Understood how constructors work with the explicit
keyword.
What is the practical application?
If we want to “fence off” unwanted (to us) transformations, then:
class A {
public:
A (int val) {
cout & lt; & lt; "A (int)" & lt; & lt; endl;
}
A (char * val) {
cout & lt; & lt; "A (char *)" & lt; & lt; endl;
}
};
int main ()
{
A a = 'x';
getchar ();
return 0;
}
The result will be: “A (int)”
If we mark both explicit
constructors for fencing purposes, then when:
A a ('x');
we still get the result above. Anyway, unnecessary (to us) transformation will occur.
Answer 1, authority 100%
It is needed not so much to call a specific constructor, but to avoid unnecessary casting (or unambiguous casting).
Roughly – imagine that the constructor of vector
from int
is not explicit
. And we have
void f (vector & lt; & gt; ...);
Then the call to f (5)
will also be a perfectly valid construction. It is unlikely that anyone needs it … Like
vector v;
v = 5;
By the way, Stroustrup writes that it would be nice if all the default constructors were explicit
, and it was necessary to explicitly indicate the refusal of it.
Something like this.
Answer 2, authority 80%
A constructor without explicit
allows you to implicitly convert the type of an argument to the type of the class that owns the constructor.

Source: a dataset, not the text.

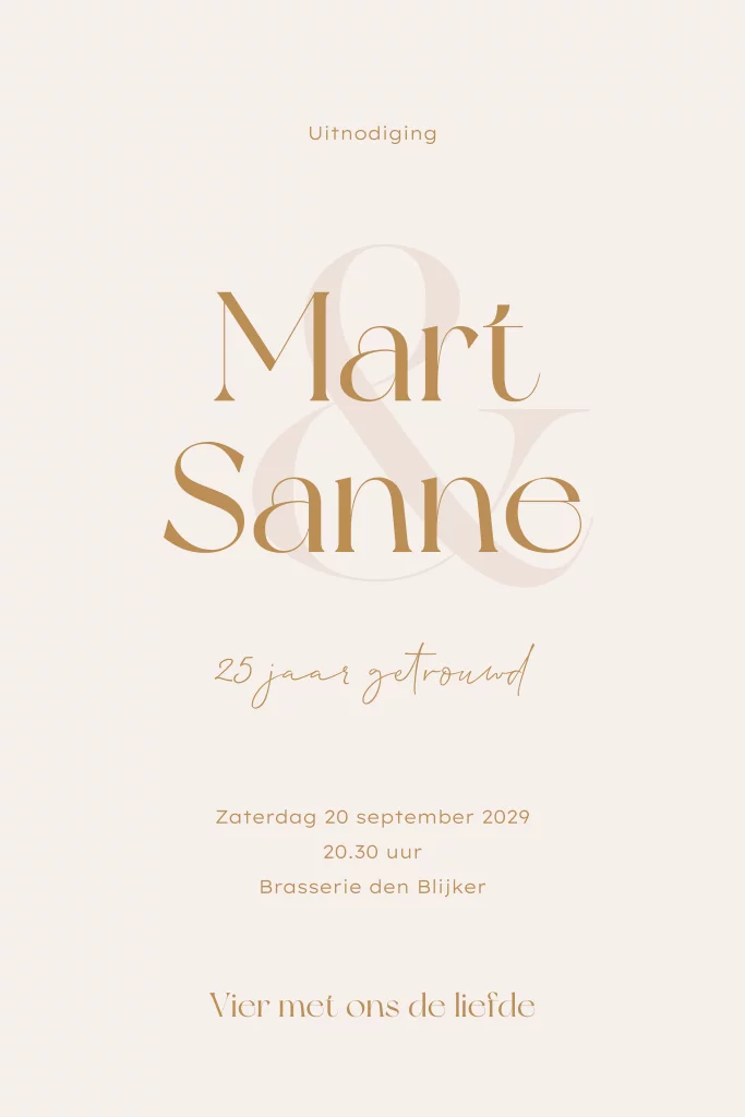 Eenvoudige basic uitnodiging voor 25 jaar getrouwd. Deze huwelijksjubileum uitnodiging heeft een beige kleurtint met verschillende lettertypes en een groot &-teken. Pas teksten en kleuren aan in onze online editor voor jullie persoonlijke touch. Maak deze kaart helemaal af met de bijpassende zandkleur envelop.
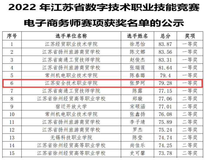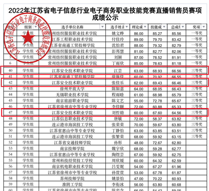 近日?/span>“江苏工匠”岗位练兵职业技能竞?/span>电子商务类比赛成绩揭晓,?/span>2022年江苏省数字技术职业技能竞赛电子商务师赛项中,商贸与人文学院教师孙莹莹指导的学生张梦珂荣获一等奖,晋级国赛。在2022年江苏省电子信息行业电子商务职业技能竞赛直播销售员赛项中,江芸、刘哲勋、张佳乐三名同学荣获省三等奖?/span>

If we mark both explicit constructors for “fencing” purposes, then with: A a (‘x’); we will still get the result above.
Correct, because the entry A a ('x');
is direct-initialization for which is just the right explicit
constructor. Those. there is an implicit conversion of type char
to type int
for the argument, but conversion to type A
is already quite explicit.
What is the practical application?
Implicit conversions are dangerous, on the one hand they allow you to write fewer code letters , on the other hand, you can get not quite what you expect. Those. Looking at the code, we see one thing, but in the process of execution, something else happens. the implicit conversion happens, oddly enough, implicitly.

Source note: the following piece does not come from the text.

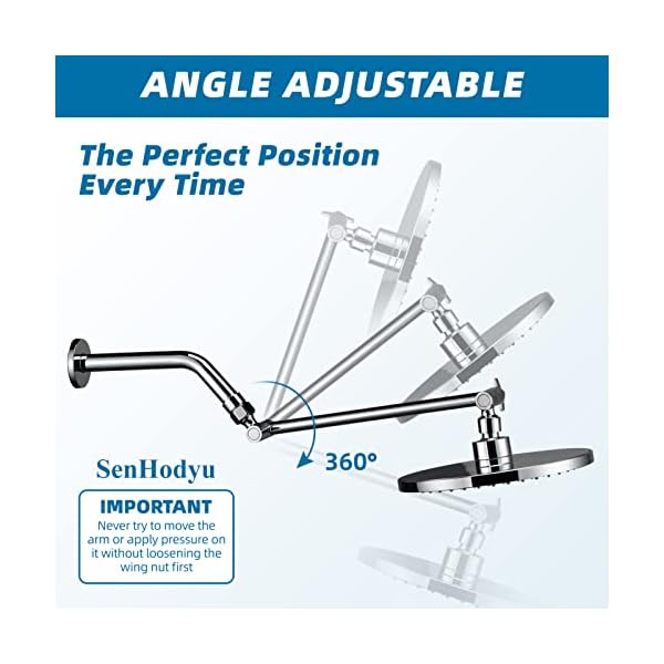 🚿BRAND ADVANTAGE – SenHodyu’s Adjustable Shower Arms are with no questions asked guarantee. SenHodyu has been committed to developing bathroom products for a few years. We are committed to provide our customers the premium shower and bathroom hardware products with Better quality products, More favorable prices.

For example, in the situation with the already mentioned std :: vector
, a constructor that accepts an integer is marked as explicit
, because this integer specifies the size, although an uninitiated user would expect std :: vector & lt; int & gt; v = 5;
rather than putting the number 5
into a vector, but certainly not creating a vector of five zero-initialized elements. Fortunately, explicit
prevents such an entry from compiling.
Additionally, I want to note that before C++ 11
explicit
, it was relevant to make only constructors that can be called with one argument. With the introduction of uniform initialization , this has become relevant for constructors that require multiple required arguments. For example:
struct A {
/ * explicit * / A (int, double, char) {}
};
A f () {
return {42, 1.5, 'a'};
}
int main () {
A a = {1, 2.0, 'b'};
}
not working yet explicit
. If you make the constructor explicit, you will have to change the code:
A f () {
return A {42, 1.5, 'a'};
}
int main () {
A a = A {1, 2.0, 'b'};
// or A a {1, 2.0, 'b'}; // direct initialization
}
By the way, although only constructors are mentioned in the question, explicit
can be applied to conversion operators as well (starting with C++ 11
):
struct A {
explicit operator int () {return 42; }
};
int main () {
A a;
int j = a; // (1)
int i = static_cast & lt; int & gt; (a); // (2)
bool b = a; // (3)
if (a) {// (4)
// do something
}
else {
// do another
}
}
If operator int
is not marked as explicit
, then all code is fully functional. When we add explicit
, only the string (2)
remains valid. A little special in this case will look like operator bool ()
instead of operator int ()
:
struct A {
explicit operator bool () {return true; }
};
With the explicit
operator, only the (4)
line will work, since using a variable in conditional expressions (if
, while
, ?:
) is interpreted as explicit conversion to bool
. Without explicit
, the code is still fully functional.
Answer 3, authority 47%
In addition to @Harry’s answer, and how to expand your comment:
class Foo
{
public:
operator int () const
{
return 42;
}
};
class Bar
{
public:
Bar (Foo)
{
}
};
void baz (Bar)
{
}
void baz (int)
{
}
int main ()
{
Foo x;
baz (x);
}
Calling the baz
function here will lead to ambiguity for the compiler, since it falls under both baz (int)
and baz (Bar)
. Adding explicit
to the Bar
constructor will give the compiler an unambiguous indication of which function to choose.